Below are the results of one million shuffles of a ten-element array. The array was sorted before each shuffle. The numbers in the grid show the frequency, as a percentage, that the element indicated to the left (row label) ended up in the position indicated above (column label).Code:For i = ARR_UBOUND To 1 Step -1
lngIdx = Int((i+1) * Rnd)
lngTmp = arrValues(lngIdx)
arrValues(lngIdx) = arrValues(i)
arrValues(i) = lngTmp
Next
The first grid uses the code that lienad31 posted. You can see that the first element (0) is equally likely to end up in any position, that all elements are equally likely to end up in the last position (9), and that there is bias in other areas.

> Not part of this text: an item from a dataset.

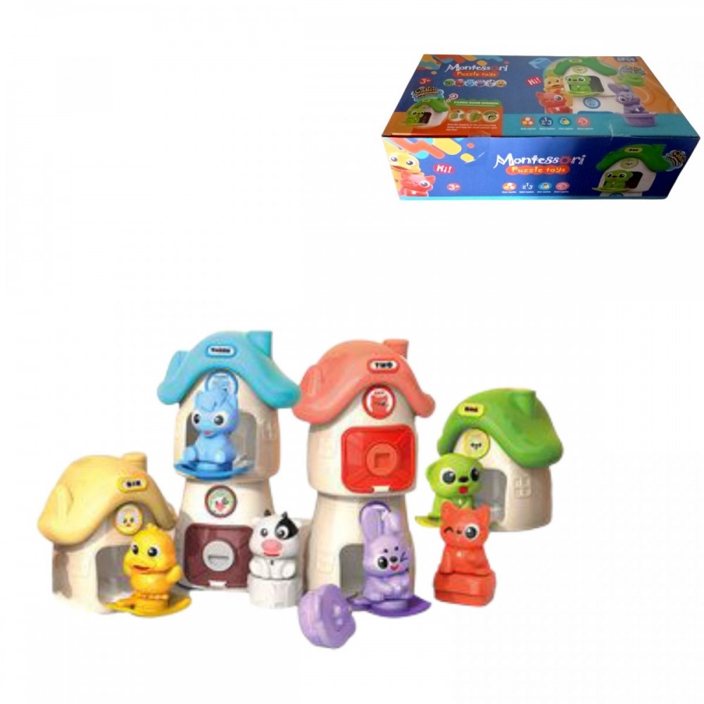 Интернет-магазин eToys предлагает вашему вниманию товар "Логическая игра Монтессори, 6 домиков, размер 10х7.5х10 см, 6 животных, цвета, названия, цифры, надписи на английском языке, открывается дверца, в коробке" по цене 885 грн..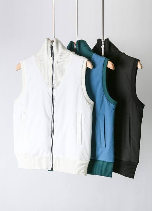 [QoG] バイカラーラインハイネックニットジップベスト vt37563

The second grid uses the code that I have posted. It is clear that there is no bias in the results.
Edited to add:Code:0 1 2 3 4 5 6 7 8 9
0 10 10 10 10 10 10 10 10 10 10
1 13 09 10 10 10 10 10 10 10 10
2 12 12 09 09 09 09 09 10 10 10
3 11 12 12 09 09 09 09 09 10 10
4 10 11 11 12 09 09 09 09 10 10
5 10 10 11 11 12 09 09 09 10 10
6 09 10 10 11 11 12 09 09 10 10
7 09 09 10 10 11 11 12 09 09 10
8 08 09 09 10 10 11 12 12 09 10
9 08 08 09 09 10 10 11 12 13 10
0 1 2 3 4 5 6 7 8 9
0 10 10 10 10 10 10 10 10 10 10
1 10 10 10 10 10 10 10 10 10 10
2 10 10 10 10 10 10 10 10 10 10
3 10 10 10 10 10 10 10 10 10 10
4 10 10 10 10 10 10 10 10 10 10
5 10 10 10 10 10 10 10 10 10 10
6 10 10 10 10 10 10 10 10 10 10
7 10 10 10 10 10 10 10 10 10 10
8 10 10 10 10 10 10 10 10 10 10
9 10 10 10 10 10 10 10 10 10 10
(1) You're getting an overflow error because you are using Integer variables, and the result of the calculation is too large for that type. Use Long variables, and you won't have a problem.Quote:
Originally Posted by adamm83
(2) That Dim statement only declares Y as an Integer. Variables i and X are implicitly declared as Variant. In VB you can declare variables of different types on the same line, so you must specify the type for each variable.
here's some sample code i wrote just for you (aren't you special)Quote:
Originally Posted by adamm83
Code:type Lord
.alpha as double
.omega as double
end type
dim Orwell(5 to 8, 99 to 1234) as Lord
msgbox lbound(Orwell, 1)
msgbox lbound(Orwell, 2)
msgbox ubound(orwell, 1)
msgbox ubound(orwell, 2)
Hey, Thanks lord orwell! I do feel special! :) I appreciate the time you spent.